One of the most powerful ways leaders can gain insights into what their employees are thinking and experiencing is with a well-crafted survey. These can be real eye openers for leadership and for companies that may not know where to start when it comes to an employee engagement strategy, a great first step. In our first post we talked about some of the rocks to peek under to ascertain the landscape of employee engagement. In this post we’ll talk specifically about one tool in your toolbox: the employee survey.
It’s no secret that some business leaders don’t care for surveys. There’s a perception that surveys are inherently skewed or that the results just aren’t reliable (or measurable) because employees use it as a complaint platform. While this might be the case for some surveys, we need to put the burden of value not on the tool itself but on the questions used. That’s the key. A great survey isn’t one that simply asks a lot of questions, it’s a survey that asks specific and relevant questions.

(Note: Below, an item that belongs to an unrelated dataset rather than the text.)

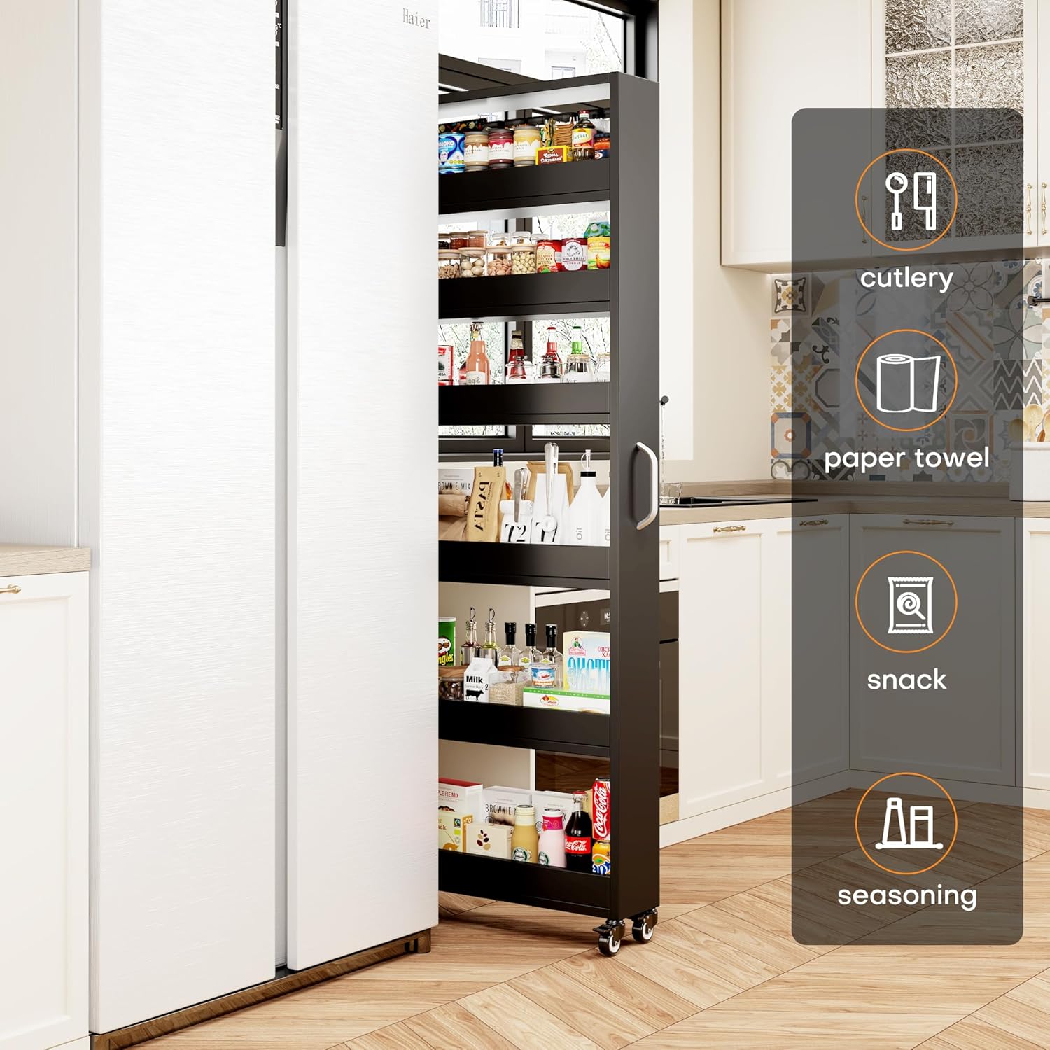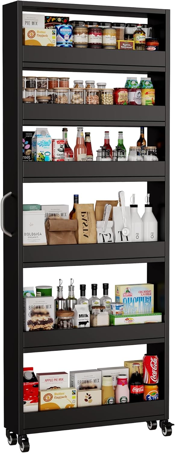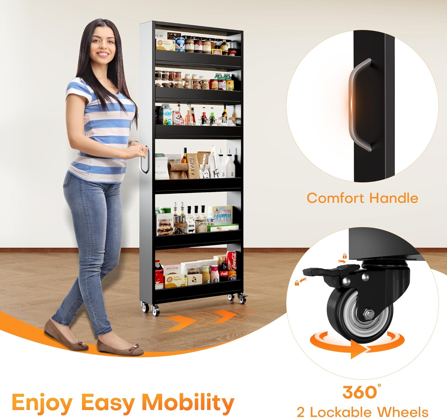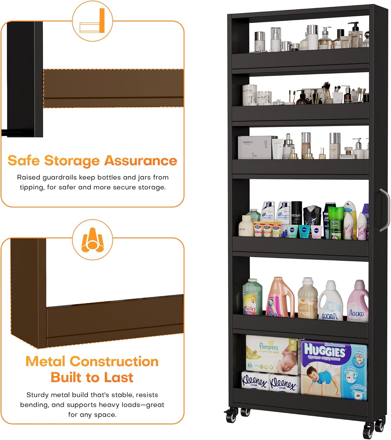 - Sturdy and Durable: This 6 tier slim rolling cart is made from strong steel, featuring a robust frame and a smooth powder-coated surface with excellent rust resistance. Whether placed in dry or humid environments, it ensures long-lasting durability, making it perfect for extended use.

Business leaders can glean a host of valuable information from their workforce that’s both accurate and actionable by using the right survey questions. The tool is just that–a tool. It all comes down to how you use it.
At Smart HR, we place a high degree of importance on employee surveys and have had a great degree of success with them because we know what questions to ask (and how to ask them). Here are a few examples of the kinds of questions (paired with a rating scale response system) we might use in an employee engagement survey:
• I have enough information about what’s going on in this organization to do my job well
• I understand how my work fits into the overall mission and goals of the organization
• I understand how my work connects to the work of other departments
• I feel like the meetings I’m involved in are productive
• The formal annual review process is helpful to my professional growth
The bottom line is that it all comes down to communication, the heart and soul of employee engagement. Most organizations and employees can sort out problems, issues, challenges, and failures if the lines of communication are open and honest. This is true from a philosophical perspective but also from an individual-to-individual relational perspective (ex: supervisor to employee). The employee survey is one tactic in your communications toolbox and can help diagnose breakdowns in management communications and relations. Just a few more tips:
• Try to relate it to your company. Don’t make it abstract. Get specific
• Many organizations (surprisingly) have never done this. That’s ok, just start
• Don’t forget to address meetings (quantity/quality/etc.)
• Turnover is the ultimate measurement of poor engagement
• You have to be willing to challenge your own assumptions
• Don’t shy away from the hard questions and don’t be dismayed at negative responses
Remember that employee engagement isn’t just about the emotional and intellectual health of your team. Engagement translates directly into your company’s work product, client relations, business development, brand reputation and, ultimately, the bottom line.